I look over at Bethie in her pretty costume and it’s just not fair. I can’t help it. I burst into tears. Bethie stops twirling and sticks a piece of hair into the corner of her mouth. That’s what she does when she’s nervous.
“Aw, Sadie. It’s okay.” She sits down beside me. Some of her skirt glitter flakes off onto my blanket, and that just makes me cry harder.
“Sadie, don’t cry. I’m sorry you’re not old enough. I promise I’ll tell you all about it, okay? Every little thing. And I bring you a cupcake. No, two cupcakes. Pinkie swear.”
I wipe my eyes on my sleeve. I still don’t want to look at her. “Okay.”
Mama opens the door. She is also dressed like a witch, but her costume is much, much better than Bethie’s. Her long skirts make a swooosh swiiiish sound as she comes to sit in between Bethie and me.
“Why are you crying, my sweet girl?” Mama says. “Is it ‘cause you’re sad you’re going to miss the party?”
I nod as I bury my face in Mama’s long black hair. It smells like green apples. Mama puts her arm around me and pulls me tight.
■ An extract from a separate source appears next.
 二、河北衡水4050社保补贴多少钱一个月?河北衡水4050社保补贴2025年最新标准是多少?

“Oh, Sadie. I know it’s hard. I know it’s not fair. But you’ll be old enough someday, I promise. Tonight I need you to be my brave little one.”
The doorbell rings downstairs. Bethie jumps up and claps her hands. “Mama! It’s time! They’re here!” She runs through the door without even looking back,
Mama kisses my forehead. “I love you, Sadie. Now go to sleep and dream dreams as sweet as you.”
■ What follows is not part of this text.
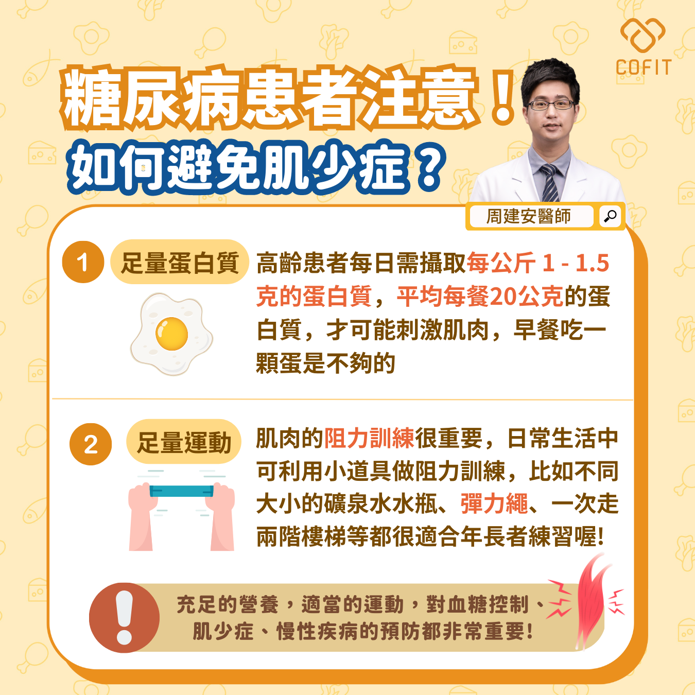糖尿病患者常需要控制飲食,限制攝取的碳水化合物和糖分。然而,過度的飲食控制可能導致身體無法獲得足夠的營養素,特別是蛋白質和其他重要的養分。這可能導致營養不足,進而影響肌肉的健康和功能喔!

Mama follows Bethie. Her cape flutters a little bit. Now I’m alone. Downstairs, people are arriving. I can hear Mrs. Albertson’s screechy laugh. It always makes me a little scared, but I’ll never tell that to Bethie, because she’d just call me a little baby. Mrs. Albertson lives down the street in the house with the green door, and she has a really old weiner dog named Blue that she never lets me and Bethie pet. Maybe she’ll let Bethie pet it now that she’s 10 and old enough to go to the party.
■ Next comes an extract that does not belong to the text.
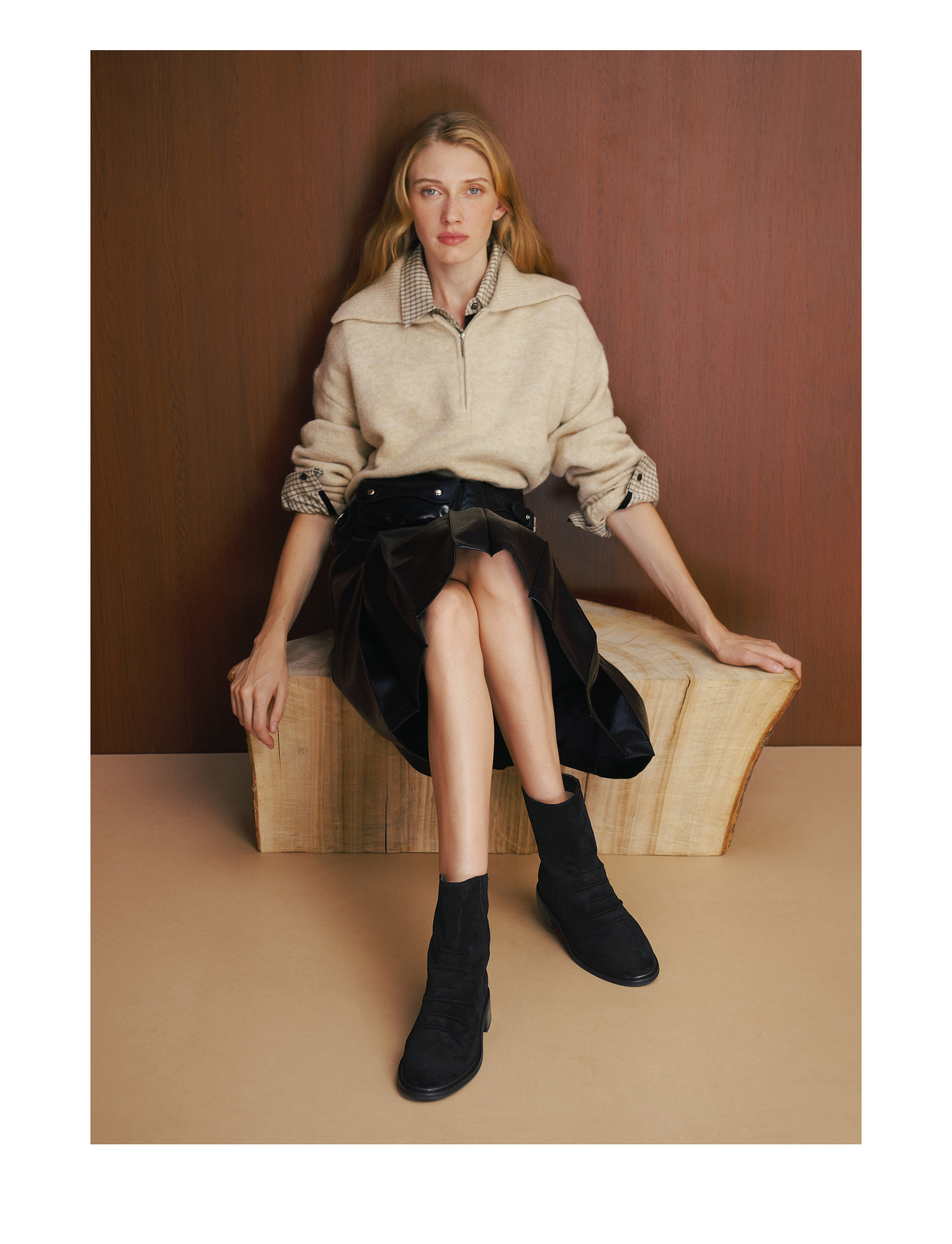 | 风格:OL通勤 | 鞋面内里材质:羊皮革 | 色系:黑色 | 跟高数值:4.5CM | 筒高数值:19.5CM |

The party noises are getting louder. Now the music is on, too, and the music always makes me a little sleepy. I can just picture Bethie down there, laughing with everyone and eating so many cupcakes that her tongue will be bright green tomorrow morning. I bet everyone’s telling her how pretty she looks in her costume, and she’s probably twirling around and telling dumb jokes, and everyone’s probably telling her how funny and smart she is. Just like at the Nicholson’s pool party this summer. Bethie told everyone the cow joke that I told her, and everyone laughed really loud and patted her on the head and Daddy gave her the last slice of watermelon.
It’s no fair!
Now I’m really mad. Maybe it would be okay to just peek through the stair railing? I think it would. Very very carefully, I get up and put on my fuzzy blue socks. I’ll just tiptoe over to the landing and be so, so quiet.
I open my door and listen. The sleepy music is still on, but now it sounds like the people are quieter. They’re all talking about something. No wait. They’re all saying the same words all together.
It’s probably okay if I go down a few steps. If I stay on the third one from the top, no one can see me. That’s what Bethie says, anyway, every Christmas Eve when we try to spy on Santa.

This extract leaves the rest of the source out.